(Items listed in a dataset)

=-=-=

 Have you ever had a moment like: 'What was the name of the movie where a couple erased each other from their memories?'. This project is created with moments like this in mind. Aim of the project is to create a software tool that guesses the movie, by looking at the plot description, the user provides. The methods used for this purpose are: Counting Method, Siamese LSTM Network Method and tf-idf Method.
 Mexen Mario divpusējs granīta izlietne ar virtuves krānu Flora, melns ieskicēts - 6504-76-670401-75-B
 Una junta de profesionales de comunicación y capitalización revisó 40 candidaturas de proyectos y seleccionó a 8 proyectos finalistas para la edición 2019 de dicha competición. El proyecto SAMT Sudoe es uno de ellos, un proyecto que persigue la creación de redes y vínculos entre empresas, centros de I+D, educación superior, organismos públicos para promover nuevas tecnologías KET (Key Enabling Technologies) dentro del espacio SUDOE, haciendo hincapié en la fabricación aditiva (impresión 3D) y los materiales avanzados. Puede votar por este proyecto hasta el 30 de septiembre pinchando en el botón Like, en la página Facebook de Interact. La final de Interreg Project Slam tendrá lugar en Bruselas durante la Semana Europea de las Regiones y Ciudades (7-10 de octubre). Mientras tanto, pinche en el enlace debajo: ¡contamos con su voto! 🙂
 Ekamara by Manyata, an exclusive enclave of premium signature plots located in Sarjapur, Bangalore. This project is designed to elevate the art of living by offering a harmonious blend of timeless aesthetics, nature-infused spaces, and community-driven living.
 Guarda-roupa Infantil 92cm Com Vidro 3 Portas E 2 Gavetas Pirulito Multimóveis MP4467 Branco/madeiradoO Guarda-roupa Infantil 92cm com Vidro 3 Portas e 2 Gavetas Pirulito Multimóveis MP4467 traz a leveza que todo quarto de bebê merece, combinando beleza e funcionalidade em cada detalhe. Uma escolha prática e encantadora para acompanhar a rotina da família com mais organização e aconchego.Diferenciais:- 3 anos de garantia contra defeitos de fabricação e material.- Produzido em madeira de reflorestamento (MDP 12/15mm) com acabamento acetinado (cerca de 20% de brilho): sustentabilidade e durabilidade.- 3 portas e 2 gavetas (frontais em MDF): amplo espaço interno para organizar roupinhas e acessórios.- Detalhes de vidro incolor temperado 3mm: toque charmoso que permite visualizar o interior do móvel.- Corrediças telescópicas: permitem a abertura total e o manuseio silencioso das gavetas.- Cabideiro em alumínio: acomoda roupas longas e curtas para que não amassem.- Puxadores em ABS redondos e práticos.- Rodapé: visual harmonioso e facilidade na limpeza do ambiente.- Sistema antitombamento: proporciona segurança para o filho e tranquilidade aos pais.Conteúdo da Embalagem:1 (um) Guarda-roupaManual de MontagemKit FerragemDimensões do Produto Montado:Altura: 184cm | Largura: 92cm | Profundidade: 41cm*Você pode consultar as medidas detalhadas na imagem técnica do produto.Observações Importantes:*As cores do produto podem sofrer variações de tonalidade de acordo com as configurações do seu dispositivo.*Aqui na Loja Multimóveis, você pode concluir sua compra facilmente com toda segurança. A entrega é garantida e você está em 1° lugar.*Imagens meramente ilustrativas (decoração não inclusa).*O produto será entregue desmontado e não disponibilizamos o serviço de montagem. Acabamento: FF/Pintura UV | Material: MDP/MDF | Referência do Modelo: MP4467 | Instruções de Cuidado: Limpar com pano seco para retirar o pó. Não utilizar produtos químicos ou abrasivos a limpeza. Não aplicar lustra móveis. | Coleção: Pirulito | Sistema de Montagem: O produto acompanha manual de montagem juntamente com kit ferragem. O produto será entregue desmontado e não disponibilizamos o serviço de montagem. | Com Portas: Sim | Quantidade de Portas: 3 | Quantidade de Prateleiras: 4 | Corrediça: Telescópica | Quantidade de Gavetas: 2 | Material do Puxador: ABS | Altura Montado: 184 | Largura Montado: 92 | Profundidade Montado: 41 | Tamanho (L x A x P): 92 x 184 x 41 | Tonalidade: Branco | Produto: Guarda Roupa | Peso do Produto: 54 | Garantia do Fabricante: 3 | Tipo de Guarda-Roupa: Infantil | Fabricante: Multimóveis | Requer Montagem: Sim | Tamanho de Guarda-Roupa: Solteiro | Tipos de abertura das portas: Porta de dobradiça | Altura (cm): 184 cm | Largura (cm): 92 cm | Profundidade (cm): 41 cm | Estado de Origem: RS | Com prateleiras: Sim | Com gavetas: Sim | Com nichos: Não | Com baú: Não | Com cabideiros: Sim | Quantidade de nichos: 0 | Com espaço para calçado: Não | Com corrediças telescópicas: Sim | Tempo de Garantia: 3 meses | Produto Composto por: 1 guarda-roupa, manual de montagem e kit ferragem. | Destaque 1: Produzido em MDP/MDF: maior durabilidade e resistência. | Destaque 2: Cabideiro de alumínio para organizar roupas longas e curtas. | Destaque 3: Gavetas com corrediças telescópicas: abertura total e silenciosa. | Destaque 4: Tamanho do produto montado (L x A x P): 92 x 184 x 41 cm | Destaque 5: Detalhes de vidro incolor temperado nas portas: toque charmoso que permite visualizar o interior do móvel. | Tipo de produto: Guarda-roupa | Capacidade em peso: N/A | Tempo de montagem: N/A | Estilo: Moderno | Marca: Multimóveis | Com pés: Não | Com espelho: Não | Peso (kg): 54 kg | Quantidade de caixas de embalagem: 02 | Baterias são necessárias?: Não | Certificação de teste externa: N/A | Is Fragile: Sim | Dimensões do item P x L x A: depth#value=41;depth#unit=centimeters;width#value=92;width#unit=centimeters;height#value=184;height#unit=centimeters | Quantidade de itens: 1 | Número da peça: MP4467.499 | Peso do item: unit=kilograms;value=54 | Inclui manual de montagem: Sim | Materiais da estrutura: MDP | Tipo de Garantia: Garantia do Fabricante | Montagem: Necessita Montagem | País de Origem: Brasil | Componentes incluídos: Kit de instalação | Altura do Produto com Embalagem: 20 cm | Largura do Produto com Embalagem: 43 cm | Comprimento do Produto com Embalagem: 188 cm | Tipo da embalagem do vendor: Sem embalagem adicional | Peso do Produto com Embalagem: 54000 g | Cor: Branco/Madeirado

=-=-=

# Your instructions:
Every record above should be copied exactly.

# Solution to the exercise:
 Have you ever had a moment like: 'What was the name of the movie where a couple erased each other from their memories?'. This project is created with moments like this in mind. Aim of the project is to create a software tool that guesses the movie, by looking at the plot description, the user provides. The methods used for this purpose are: Counting Method, Siamese LSTM Network Method and tf-idf Method.
 Mexen Mario divpusējs granīta izlietne ar virtuves krānu Flora, melns ieskicēts - 6504-76-670401-75-B
 Una junta de profesionales de comunicación y capitalización revisó 40 candidaturas de proyectos y seleccionó a 8 proyectos finalistas para la edición 2019 de dicha competición. El proyecto SAMT Sudoe es uno de ellos, un proyecto que persigue la creación de redes y vínculos entre empresas, centros de I+D, educación superior, organismos públicos para promover nuevas tecnologías KET (Key Enabling Technologies) dentro del espacio SUDOE, haciendo hincapié en la fabricación aditiva (impresión 3D) y los materiales avanzados. Puede votar por este proyecto hasta el 30 de septiembre pinchando en el botón Like, en la página Facebook de Interact. La final de Interreg Project Slam tendrá lugar en Bruselas durante la Semana Europea de las Regiones y Ciudades (7-10 de octubre). Mientras tanto, pinche en el enlace debajo: ¡contamos con su voto! 🙂
 Ekamara by Manyata, an exclusive enclave of premium signature plots located in Sarjapur, Bangalore. This project is designed to elevate the art of living by offering a harmonious blend of timeless aesthetics, nature-infused spaces, and community-driven living.
 Guarda-roupa Infantil 92cm Com Vidro 3 Portas E 2 Gavetas Pirulito Multimóveis MP4467 Branco/madeiradoO Guarda-roupa Infantil 92cm com Vidro 3 Portas e 2 Gavetas Pirulito Multimóveis MP4467 traz a leveza que todo quarto de bebê merece, combinando beleza e funcionalidade em cada detalhe. Uma escolha prática e encantadora para acompanhar a rotina da família com mais organização e aconchego.Diferenciais:- 3 anos de garantia contra defeitos de fabricação e material.- Produzido em madeira de reflorestamento (MDP 12/15mm) com acabamento acetinado (cerca de 20% de brilho): sustentabilidade e durabilidade.- 3 portas e 2 gavetas (frontais em MDF): amplo espaço interno para organizar roupinhas e acessórios.- Detalhes de vidro incolor temperado 3mm: toque charmoso que permite visualizar o interior do móvel.- Corrediças telescópicas: permitem a abertura total e o manuseio silencioso das gavetas.- Cabideiro em alumínio: acomoda roupas longas e curtas para que não amassem.- Puxadores em ABS redondos e práticos.- Rodapé: visual harmonioso e facilidade na limpeza do ambiente.- Sistema antitombamento: proporciona segurança para o filho e tranquilidade aos pais.Conteúdo da Embalagem:1 (um) Guarda-roupaManual de MontagemKit FerragemDimensões do Produto Montado:Altura: 184cm | Largura: 92cm | Profundidade: 41cm*Você pode consultar as medidas detalhadas na imagem técnica do produto.Observações Importantes:*As cores do produto podem sofrer variações de tonalidade de acordo com as configurações do seu dispositivo.*Aqui na Loja Multimóveis, você pode concluir sua compra facilmente com toda segurança. A entrega é garantida e você está em 1° lugar.*Imagens meramente ilustrativas (decoração não inclusa).*O produto será entregue desmontado e não disponibilizamos o serviço de montagem. Acabamento: FF/Pintura UV | Material: MDP/MDF | Referência do Modelo: MP4467 | Instruções de Cuidado: Limpar com pano seco para retirar o pó. Não utilizar produtos químicos ou abrasivos a limpeza. Não aplicar lustra móveis. | Coleção: Pirulito | Sistema de Montagem: O produto acompanha manual de montagem juntamente com kit ferragem. O produto será entregue desmontado e não disponibilizamos o serviço de montagem. | Com Portas: Sim | Quantidade de Portas: 3 | Quantidade de Prateleiras: 4 | Corrediça: Telescópica | Quantidade de Gavetas: 2 | Material do Puxador: ABS | Altura Montado: 184 | Largura Montado: 92 | Profundidade Montado: 41 | Tamanho (L x A x P): 92 x 184 x 41 | Tonalidade: Branco | Produto: Guarda Roupa | Peso do Produto: 54 | Garantia do Fabricante: 3 | Tipo de Guarda-Roupa: Infantil | Fabricante: Multimóveis | Requer Montagem: Sim | Tamanho de Guarda-Roupa: Solteiro | Tipos de abertura das portas: Porta de dobradiça | Altura (cm): 184 cm | Largura (cm): 92 cm | Profundidade (cm): 41 cm | Estado de Origem: RS | Com prateleiras: Sim | Com gavetas: Sim | Com nichos: Não | Com baú: Não | Com cabideiros: Sim | Quantidade de nichos: 0 | Com espaço para calçado: Não | Com corrediças telescópicas: Sim | Tempo de Garantia: 3 meses | Produto Composto por: 1 guarda-roupa, manual de montagem e kit ferragem. | Destaque 1: Produzido em MDP/MDF: maior durabilidade e resistência. | Destaque 2: Cabideiro de alumínio para organizar roupas longas e curtas. | Destaque 3: Gavetas com corrediças telescópicas: abertura total e silenciosa. | Destaque 4: Tamanho do produto montado (L x A x P): 92 x 184 x 41 cm | Destaque 5: Detalhes de vidro incolor temperado nas portas: toque charmoso que permite visualizar o interior do móvel. | Tipo de produto: Guarda-roupa | Capacidade em peso: N/A | Tempo de montagem: N/A | Estilo: Moderno | Marca: Multimóveis | Com pés: Não | Com espelho: Não | Peso (kg): 54 kg | Quantidade de caixas de embalagem: 02 | Baterias são necessárias?: Não | Certificação de teste externa: N/A | Is Fragile: Sim | Dimensões do item P x L x A: depth#value=41;depth#unit=centimeters;width#value=92;width#unit=centimeters;height#value=184;height#unit=centimeters | Quantidade de itens: 1 | Número da peça: MP4467.499 | Peso do item: unit=kilograms;value=54 | Inclui manual de montagem: Sim | Materiais da estrutura: MDP | Tipo de Garantia: Garantia do Fabricante | Montagem: Necessita Montagem | País de Origem: Brasil | Componentes incluídos: Kit de instalação | Altura do Produto com Embalagem: 20 cm | Largura do Produto com Embalagem: 43 cm | Comprimento do Produto com Embalagem: 188 cm | Tipo da embalagem do vendor: Sem embalagem adicional | Peso do Produto com Embalagem: 54000 g | Cor: Branco/Madeirado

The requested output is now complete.